Example data, as Tyler said, is important. I interpreted your question differently because I thought your data was different. I didn't take the - as a literal subtraction of numerics, but a combination of variables.
DF <- expand.grid(market = LETTERS[1:5],
date = Sys.Date()+(0:5),
sitename = letters[1:2])
n <- nrow(DF)
DF$impression <- sample(100, n, replace=TRUE)
DF$clicks <- sample(100, n, replace=TRUE)

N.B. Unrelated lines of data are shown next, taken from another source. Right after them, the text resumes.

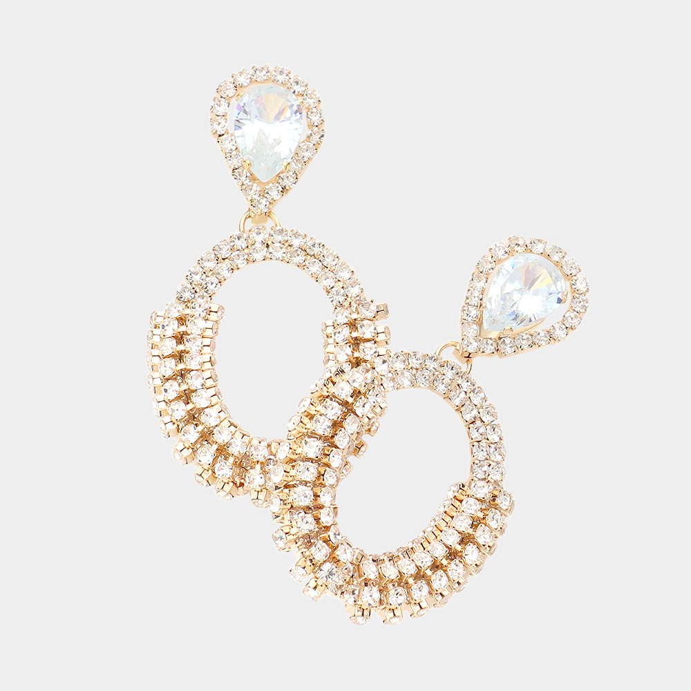 Stone Embellished Rhinestone Pave Oval Dangle Earrings
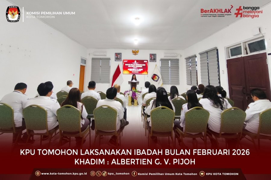 Ibadah Awal Bulan Februari Tahun 2026 diharapkan dapat menjadi landasan spiritual dan moral bagi seluruh jajaran KPU Kota Tomohon dalam melaksanakan program dan kegiatan sepanjang bulan Februari, serta memperkuat sinergi dan kebersamaan dalam mewujudkan visi dan misi KPU sebagai lembaga penyelenggara pemilu yang mandiri, profesional, dan terpercaya.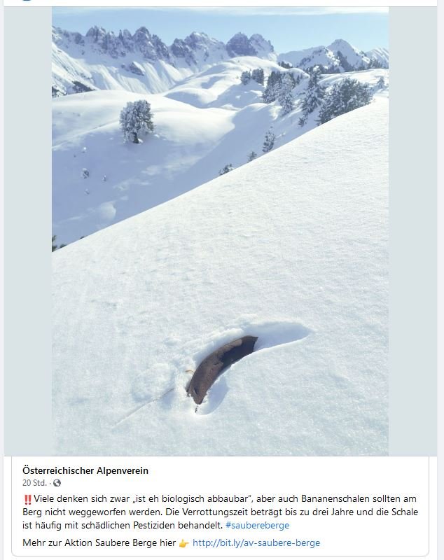 Grundsätzlich denke ich mir, wenn wir alle unsere Speisereste in den Bergen verteilen würden, dann möchte ich mir nicht ausmalen, wie es dort aussähe.
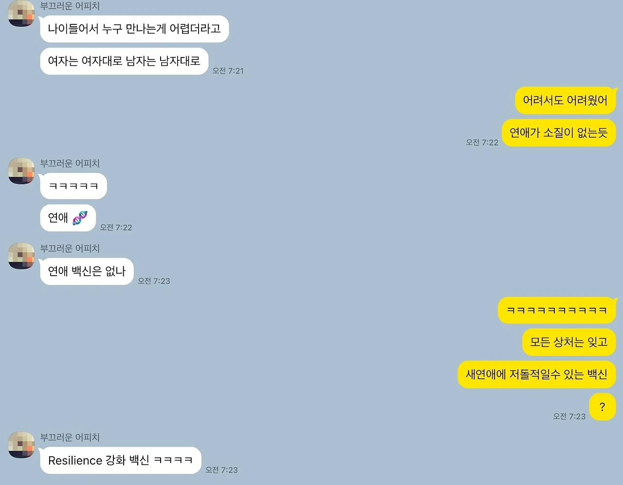 두 번째, 웃깁니다. 고민을 왜 털어놓았겠습니까. 신경이 쓰이기 때문입니다. 내 마음을 떠나지 않는 불편한 마음 때문입니다. 그런데 이 친구는 그 고민을 어렵사리 털어놓은 것을 부끄럽지 않게 해 줍니다. 그리고 그 상황을 매우 유쾌하게 해석해줍니다. 예를 들면, 이렇습니다. 썸이 끝나고 남은 감정 치유에 허덕이는 저에게 적당한 색드립을 날리며 웃겨줍니다. 그녀와의 대화를 통해 한바탕 웃고 나면, 제 고민이 아무것도 아닌 것이 됩니다. 나만 지질한 것 같고, 나만 불안한 것 같았던 내면의 웅크린 아이는 웃음 속에서 저 멀리 사라집니다.

I find the reshape2 package useful for these sort of transpositions/transformations/rearrangements.
library("reshape2")
dcast(melt(DF, id.vars=c("market","date","sitename")),
market+date~sitename+variable)
gives
market date a_impression a_clicks b_impression b_clicks
1 A 2012-02-28 74 97 11 71
2 A 2012-02-29 34 30 88 35
3 A 2012-03-01 40 85 40 49
4 A 2012-03-02 46 12 99 20
5 A 2012-03-03 6 95 85 56
6 A 2012-03-04 61 61 42 64
7 B 2012-02-28 4 53 74 9
8 B 2012-02-29 43 27 92 59
9 B 2012-03-01 34 26 86 43
10 B 2012-03-02 81 47 84 35
11 B 2012-03-03 3 5 91 48
12 B 2012-03-04 19 26 99 21
13 C 2012-02-28 22 31 100 53
14 C 2012-02-29 40 83 95 27
15 C 2012-03-01 78 89 81 29
16 C 2012-03-02 57 55 79 87
17 C 2012-03-03 37 61 3 97
18 C 2012-03-04 83 61 41 77
19 D 2012-02-28 81 18 47 3
20 D 2012-02-29 90 100 17 83
21 D 2012-03-01 12 40 35 93
22 D 2012-03-02 85 14 63 67
23 D 2012-03-03 63 53 29 58
24 D 2012-03-04 40 79 56 70
25 E 2012-02-28 97 62 68 31
26 E 2012-02-29 24 84 17 63
27 E 2012-03-01 94 93 32 2
28 E 2012-03-02 6 26 86 26
29 E 2012-03-03 100 34 37 80
30 E 2012-03-04 89 87 72 11
The column names have a _ between them rather than a -, but you can change that if you want. I wouldn't recommend it, though, because then you will have problems later referencing the column since the - will be taken as subtraction (you would need to quote the name).